:: What the task asks ::
In the data below, find the line that contains "vittoria di stasera." and the line that contains "The Michael Finley". Copy both, plus every line between them, exactly.

:: Data shown ::
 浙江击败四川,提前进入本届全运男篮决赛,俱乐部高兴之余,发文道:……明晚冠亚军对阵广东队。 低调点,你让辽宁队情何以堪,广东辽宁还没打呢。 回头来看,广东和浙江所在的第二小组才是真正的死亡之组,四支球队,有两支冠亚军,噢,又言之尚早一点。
* * *
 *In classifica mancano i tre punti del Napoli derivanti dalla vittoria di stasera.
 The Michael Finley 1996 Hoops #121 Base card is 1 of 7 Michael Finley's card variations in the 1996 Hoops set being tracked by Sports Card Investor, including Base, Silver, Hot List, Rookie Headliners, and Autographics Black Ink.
---
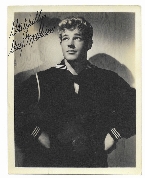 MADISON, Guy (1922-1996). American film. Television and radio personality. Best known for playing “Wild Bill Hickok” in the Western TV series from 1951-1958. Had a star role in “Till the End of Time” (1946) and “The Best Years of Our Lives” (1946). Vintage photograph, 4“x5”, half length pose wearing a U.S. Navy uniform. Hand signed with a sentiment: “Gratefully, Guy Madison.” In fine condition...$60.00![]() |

:: Completed task ::
 *In classifica mancano i tre punti del Napoli derivanti dalla vittoria di stasera.
 The Michael Finley 1996 Hoops #121 Base card is 1 of 7 Michael Finley's card variations in the 1996 Hoops set being tracked by Sports Card Investor, including Base, Silver, Hot List, Rookie Headliners, and Autographics Black Ink.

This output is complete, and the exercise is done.